WHAT NEEDS TO BE DONE: Would you print the data below exactly, leaving out every picture?

___ SUPPLIED INFORMATION ___

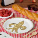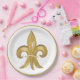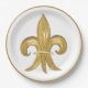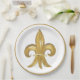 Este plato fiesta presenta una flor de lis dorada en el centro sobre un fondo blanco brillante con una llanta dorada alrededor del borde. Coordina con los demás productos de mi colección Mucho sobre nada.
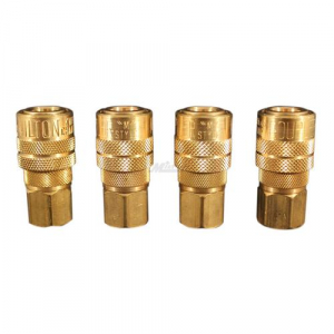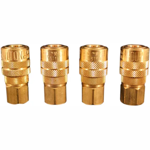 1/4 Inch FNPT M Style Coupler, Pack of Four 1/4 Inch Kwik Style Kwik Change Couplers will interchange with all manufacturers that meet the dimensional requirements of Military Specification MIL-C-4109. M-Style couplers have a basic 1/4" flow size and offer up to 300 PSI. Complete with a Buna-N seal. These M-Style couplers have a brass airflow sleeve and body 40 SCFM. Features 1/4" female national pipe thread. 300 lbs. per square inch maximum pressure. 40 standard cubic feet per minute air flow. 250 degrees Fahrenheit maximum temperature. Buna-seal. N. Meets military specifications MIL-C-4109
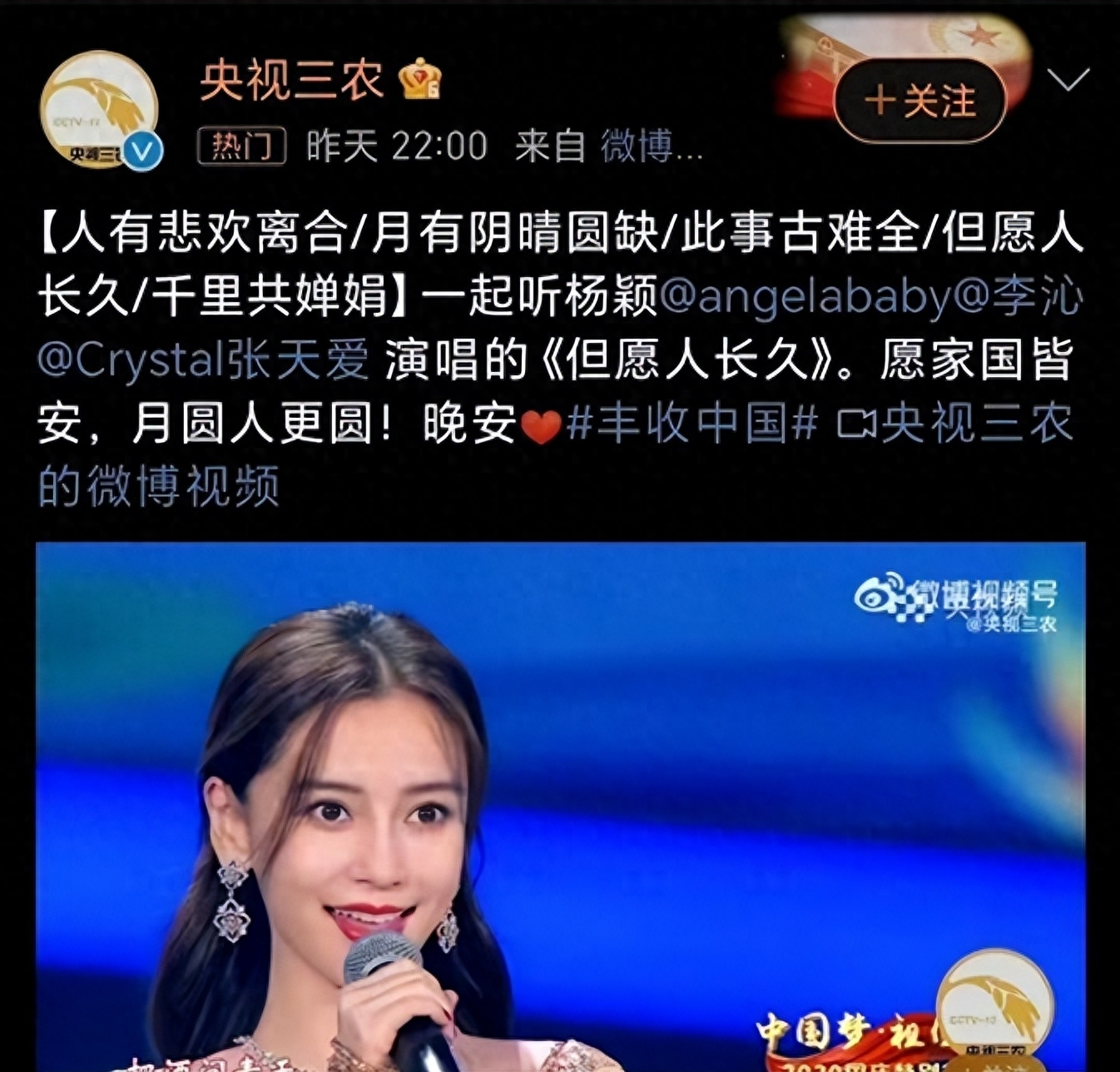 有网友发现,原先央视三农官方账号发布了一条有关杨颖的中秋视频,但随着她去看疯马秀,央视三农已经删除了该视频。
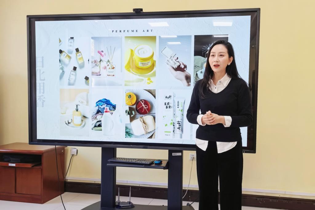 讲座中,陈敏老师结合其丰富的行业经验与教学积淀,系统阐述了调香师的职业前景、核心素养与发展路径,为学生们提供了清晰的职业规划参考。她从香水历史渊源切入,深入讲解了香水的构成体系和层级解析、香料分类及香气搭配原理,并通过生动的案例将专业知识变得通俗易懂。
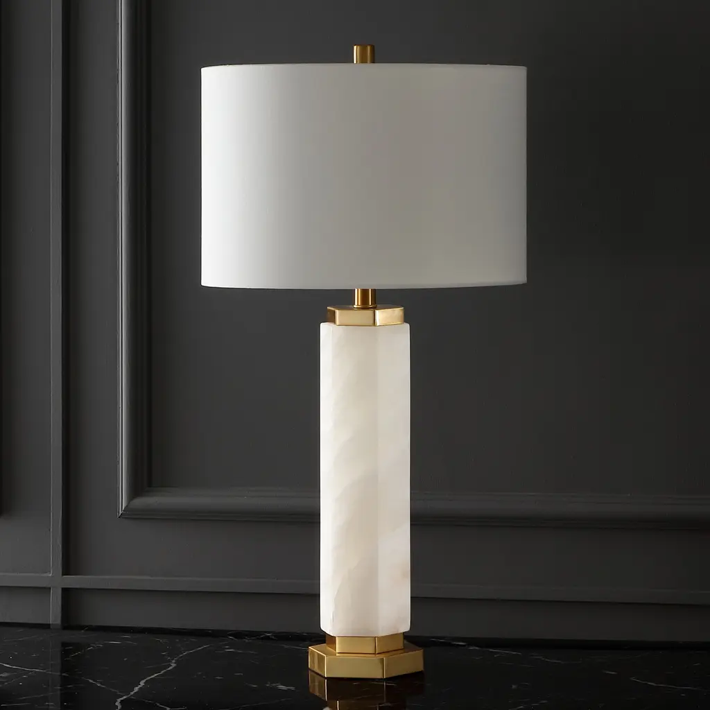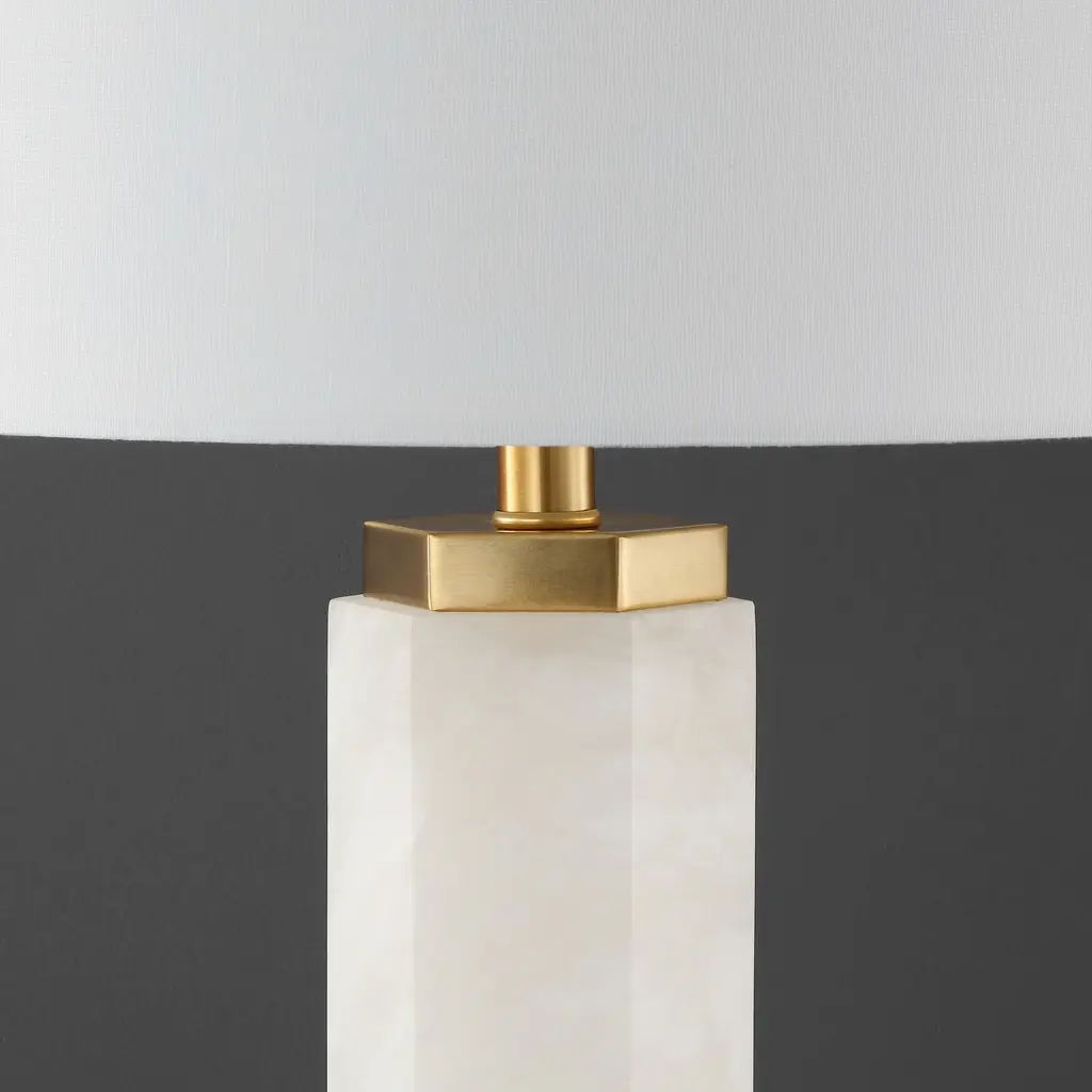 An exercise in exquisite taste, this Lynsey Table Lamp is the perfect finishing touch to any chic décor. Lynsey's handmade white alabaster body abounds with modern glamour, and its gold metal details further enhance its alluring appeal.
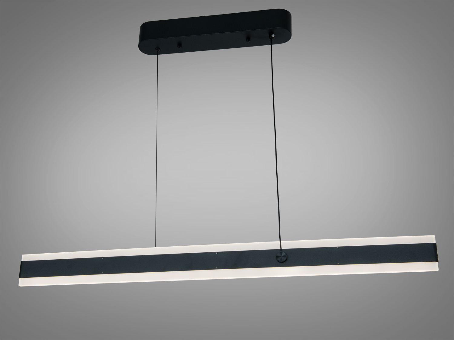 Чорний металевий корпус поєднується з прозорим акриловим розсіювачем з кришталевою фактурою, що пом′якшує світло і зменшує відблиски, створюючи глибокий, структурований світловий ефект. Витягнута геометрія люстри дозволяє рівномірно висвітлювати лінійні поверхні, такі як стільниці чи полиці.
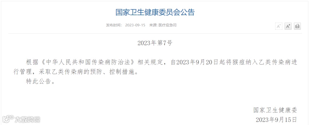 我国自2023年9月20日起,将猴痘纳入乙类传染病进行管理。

___

RESPONSE FOR THIS EXERCISE:
 Este plato fiesta presenta una flor de lis dorada en el centro sobre un fondo blanco brillante con una llanta dorada alrededor del borde. Coordina con los demás productos de mi colección Mucho sobre nada.
 1/4 Inch FNPT M Style Coupler, Pack of Four 1/4 Inch Kwik Style Kwik Change Couplers will interchange with all manufacturers that meet the dimensional requirements of Military Specification MIL-C-4109. M-Style couplers have a basic 1/4" flow size and offer up to 300 PSI. Complete with a Buna-N seal. These M-Style couplers have a brass airflow sleeve and body 40 SCFM. Features 1/4" female national pipe thread. 300 lbs. per square inch maximum pressure. 40 standard cubic feet per minute air flow. 250 degrees Fahrenheit maximum temperature. Buna-seal. N. Meets military specifications MIL-C-4109
 有网友发现,原先央视三农官方账号发布了一条有关杨颖的中秋视频,但随着她去看疯马秀,央视三农已经删除了该视频。
 讲座中,陈敏老师结合其丰富的行业经验与教学积淀,系统阐述了调香师的职业前景、核心素养与发展路径,为学生们提供了清晰的职业规划参考。她从香水历史渊源切入,深入讲解了香水的构成体系和层级解析、香料分类及香气搭配原理,并通过生动的案例将专业知识变得通俗易懂。
 An exercise in exquisite taste, this Lynsey Table Lamp is the perfect finishing touch to any chic décor. Lynsey's handmade white alabaster body abounds with modern glamour, and its gold metal details further enhance its alluring appeal.
 Чорний металевий корпус поєднується з прозорим акриловим розсіювачем з кришталевою фактурою, що пом′якшує світло і зменшує відблиски, створюючи глибокий, структурований світловий ефект. Витягнута геометрія люстри дозволяє рівномірно висвітлювати лінійні поверхні, такі як стільниці чи полиці.
 我国自2023年9月20日起,将猴痘纳入乙类传染病进行管理。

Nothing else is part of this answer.